Every time I receive MCCA’s newsletter with my shareholder statement, I expect changes to the board of directors. Sure enough, this time, there was an announcement of a new board election. They officially have more leadership churn than post-war Iraq.
There was also an announcement of a new financial service, Tamleek. Tamleek is an allegedly shariah compliant home finance scheme based on the principle of ijara muntahiya bit-tamlik.
Tamleek has been developed in consultation with re-known [sic] international Islamic finance scholar Dr Mohd Daud Bakr and endorsed by reputable Shariah advisor in Australia, Dr Ibrahim Abu Muhammad.
With all respect to those scholars, many of us are just not convinced of their authority in Islamic finance. To paraphrase Marshall Bruce Mathers III, won’t the real shariah heavyweights please stand up?
MCCA has formed important partnerships with a private funder who facilitates unlimited funding. The funders are non-banking institutions.

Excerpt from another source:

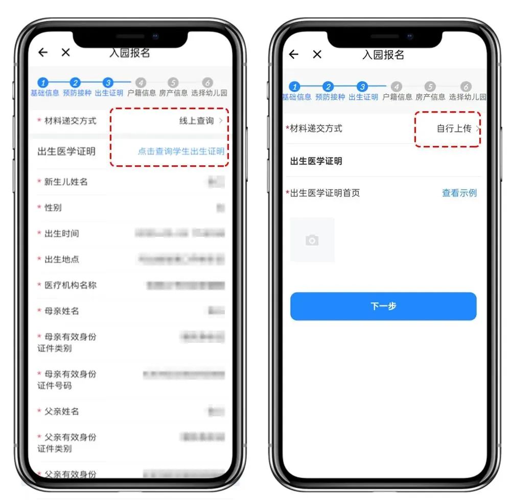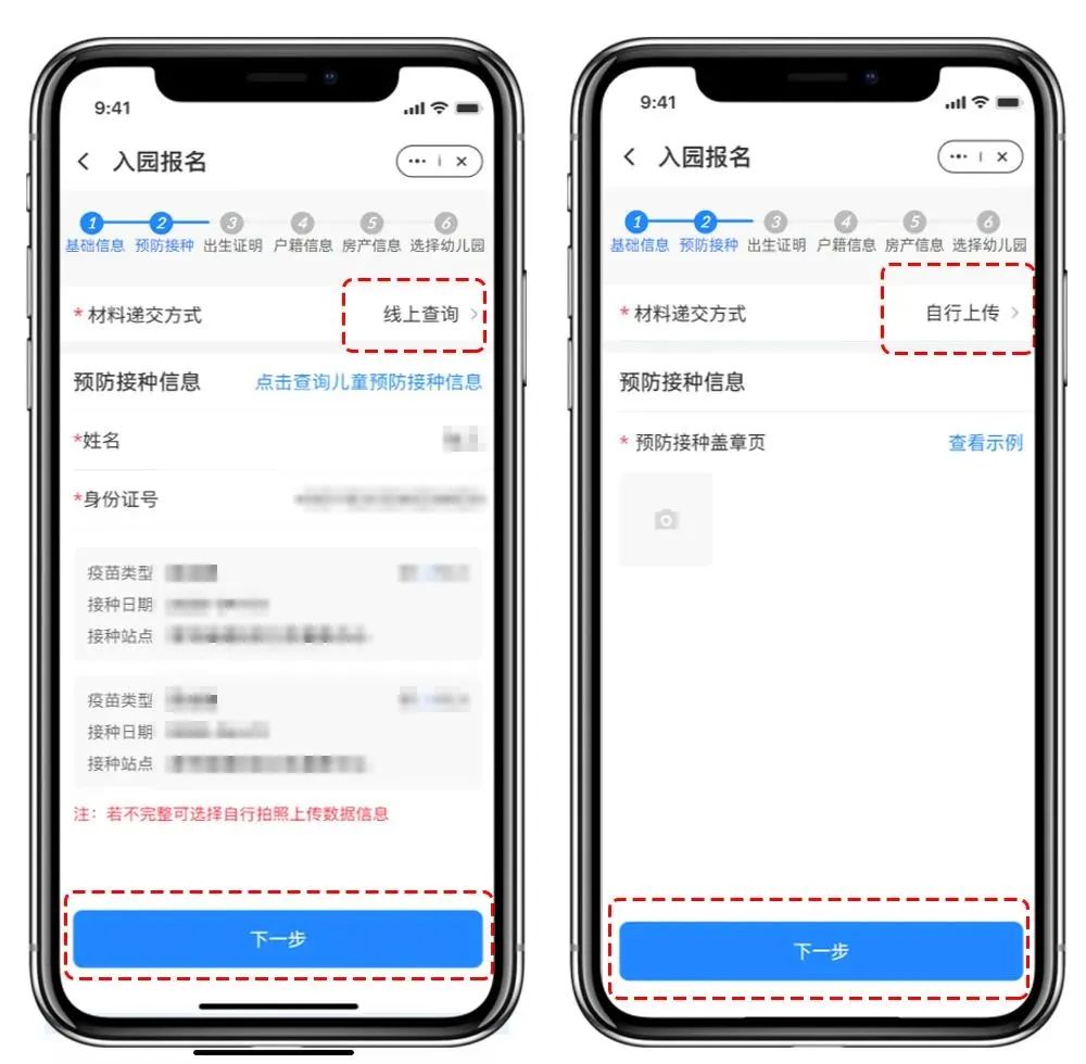05 添加预防接种信息“入园一件事”已打通公安、医疗等多项民生信息。添加预防接种信息时,可点击【线上查询】,自动填写数据。如信息不能自动查询或查询有误,可选择【自行上传】,“查看示例”后,点击“相机”按钮,拍摄证件原件上传,或调取相册图片上传。

MCCA acts as the financial intermediary who brings the investor/financier and the member together. The funding facility has been duly considered by a body of Islamic scholars and they have agreed that this new finance facility adheres to the requirements of Shariah.
MCCA is trying to attract customers who are concerned about funds from a banking source. This is a Good Thing.
But in doing so, they’ve enlisted a private entity whose source of funds is entirely unknown. Not to worry, though: an anonymous body of anonymous Islamic scholars approves. Anonymously.
Apart from the lack of transparency, this is not reassuring on any level. Can this private funder be trusted? If they pull out, could it put the future of Tamleek or MCCA at risk?
But this is the best part: Tamleek offers up to 10 years fixed
interest profit rates. The profit rate is based on “operating and management costs, cost of funds, dividends to members, [and] community fund allocations”.
My knowledge of Islamic finance is as limited as the next guy’s, but this seems, to use a technical term, pretty dodgy. Of particular concern is the ambiguity in the total contract cost and the variable nature of the profit rate. Terminology aside, how is Tamleek any different from mortgates with variable interest rates? There seems to be no difference in practice.
This is not a condemnation of MCCA’s Tamleek. Ultimately, a recognised authority in Islamic finance must review the Tamleek contracts before any judgement is made.
This is a call to MCCA to lift their game. Stop introducing controversial finance schemes shrouded in secrecy and ambiguity. Stop shuffling your board every time your newsletter is due. And stop pretending you are doing a great service to the Muslim community.
Go back to the drawing board. Give the community what they want. Solid, shariah compliant home financing. Murabaha schemes for motor vehicles. Halal managed funds that are not outperformed by ANZ savings accounts. Takaful alternatives to health, vehicle, and home insurance. And microfinance for Muslim small business.
Act now, before another Islamic finance institute steals your thunder and renders your FAIL a truly epic one.